Differential growth of the induced versus control cultures

Shown in the left panel are two cultures from a single picked colony containing a CRISPR plasmid. The left culture was induced with 2% arabinose and has grown significantly slower than the control culture, which has not been induced. On the right is the resulting plate showing significantly fewer colonies on the induced side compared with the control side.

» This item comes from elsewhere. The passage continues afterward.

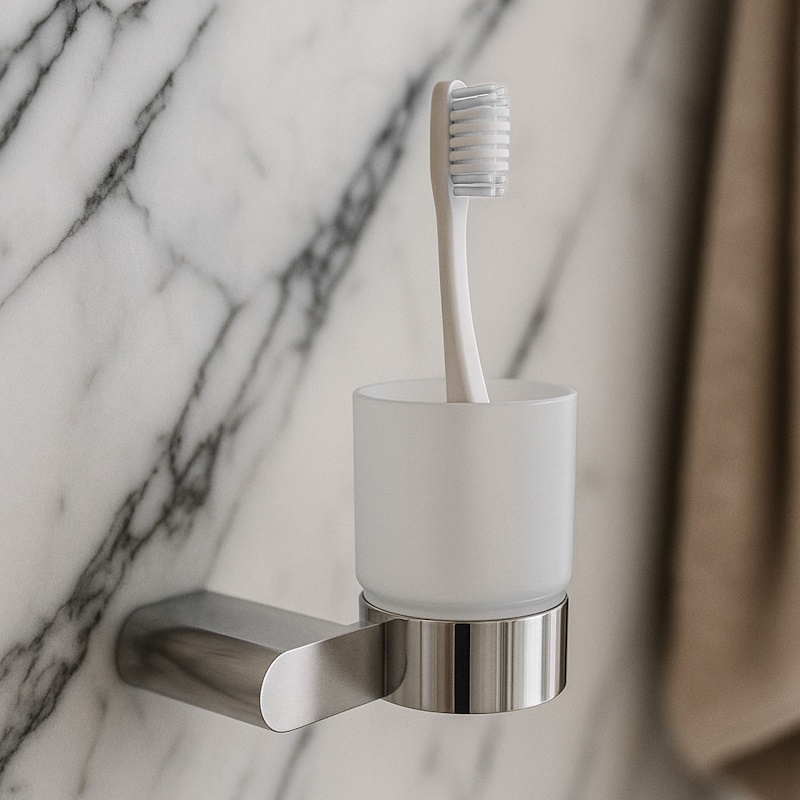 Подвесной стакан BLISS в хроме с матовым стеклом и корпусом из нержавеющей стали SUS 304 — сочетание стиля и практичности. Настенное крепление экономит пространство, антиследовое покрытие облегчает уход.

Measure the OD600 of the induced and control cultures after the 6–8 h of growth. If the OD600 is greater than 0.10 (visibly turbid) make a 1:100 dilution of the cultures to ensure single colonies upon plating. If the OD600 is less 0.1 (not visibly turbid) plate directly from the resulting culture Plate 10 μL of the induced culture dilution on LB + 1000 μg/mL of zeocin + 0.2% arabinose and 10 μL of the control culture dilution on LB + 1000 μg/mL of zeocin only. Incubate the plates at 30°C overnight, 12–18 h. Day 6: Perform colony PCR on 24–48 colonies from the induced plate using the mgrB_Del F/R primers to detect a deletion within the genome. Use the standard Taq polymerase and follow the NEB protocol for a 25 μL reaction (https://www.neb.com/protocols/0001/01/01/taq-dna-polymerase-with-standard-taq-buffer-m0273). Run a control reaction with a colony of the wild type parent K. pneumoniae isolate. Use 1 μL of each picked colony as a template. These primers bind genomic DNA upstream and downstream of the homology contained in the pUC19_CRISPR_ΔmgrB plasmid, thus will not amplify the plasmid and will only amplify genomic DNA (see Figure 2A). If the double-strand break and homologous recombination event have occurred there will be a deletion in the genomic DNA and the PCR band from the desired mutant will be smaller than from the WT parent isolate (Figure 4).
Figure 4

Representative gel confirming a CRISPR mediated gene knockout

The first four wells demonstrate a smaller band, consistent with an approximately 140 bp knockout in four mutants.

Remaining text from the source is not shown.